Я смеялась и не могла остановиться.
— Что я такого сказал? — смутился он.
— Ой, Дэниэл, не надо, пожалуйста. Что за пошлости ты говоришь: «Я бы занялся с тобой любооовью», читай, трахнул бы, но не теперь. Прошу тебя, не води меня за нос. Я в состоянии понять, когда меня отвергают.
— Я тебя не отвергал.
— Поправь меня, если я ошибаюсь: ты хотел бы заняться со мной ллллюбоооовью, — жестоко передразнила я.
— Верно, — негромко подтвердил он.
— Но только не сейчас. Если это не отказ, то что же? И я опять рассмеялась.

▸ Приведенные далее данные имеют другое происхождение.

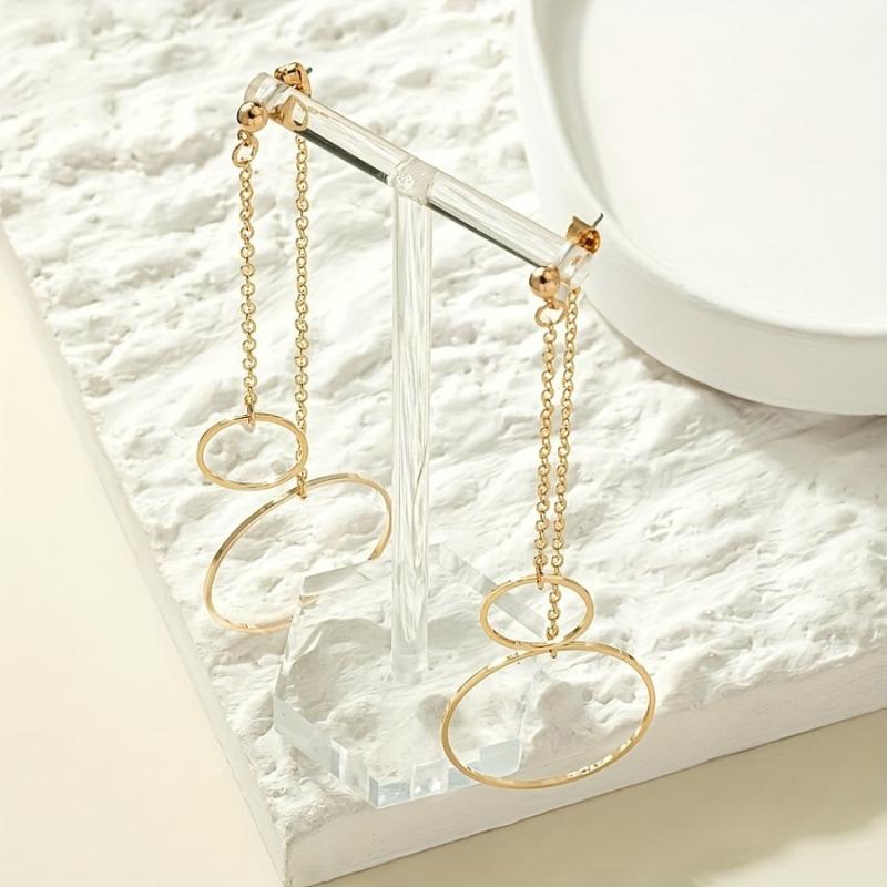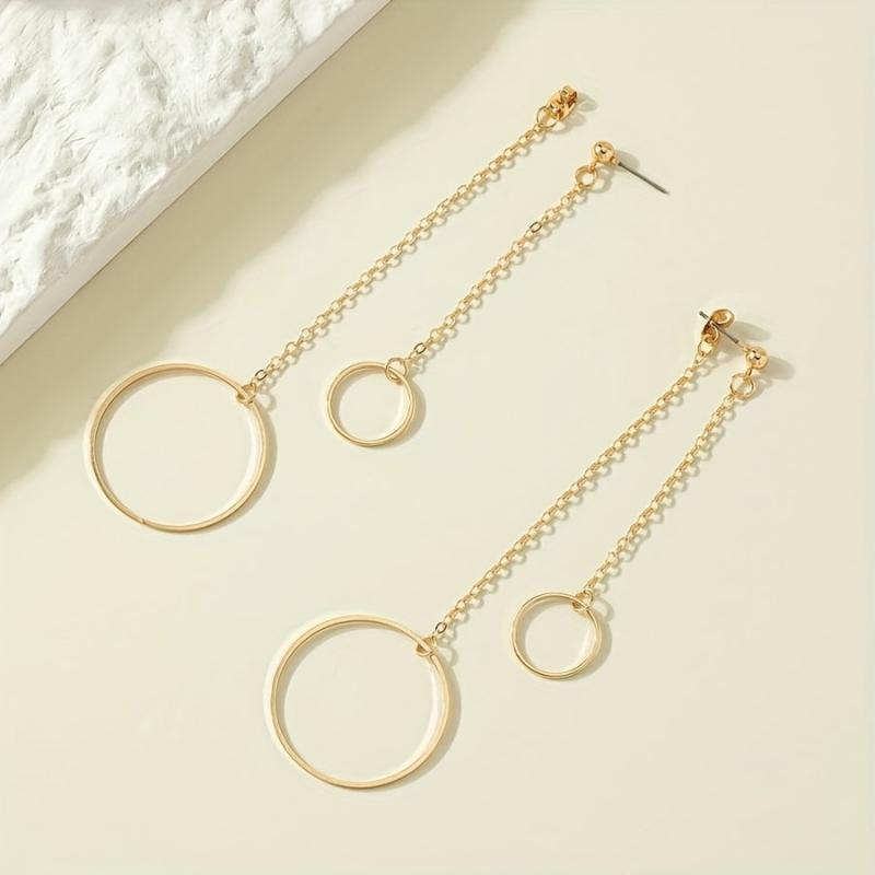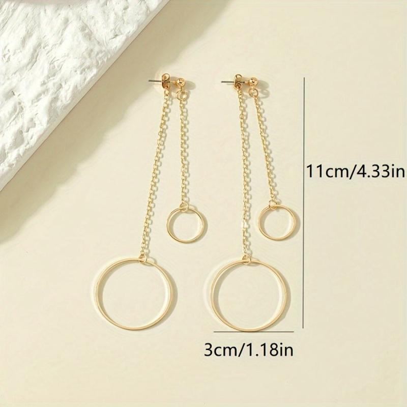 Add a touch of elegance to your casual attire this spring with these long chain dangle earrings featuring geometric circles. Made from high-quality alloy material.

Он сделал мне больно, унизил меня, и я хотела отплатить ему тем же.
— Люси, пожалуйста, послушай…
— Нет!
Затем я то ли протрезвела, то ли успокоилась.
— Дэниэл, прости за все, мне очень стыдно. Я сейчас не в порядке и за себя не отвечаю. Это была ужасная ошибка.
— Нет, нет…
— А теперь, по-моему, тебе пора, тебе ведь далеко ехать.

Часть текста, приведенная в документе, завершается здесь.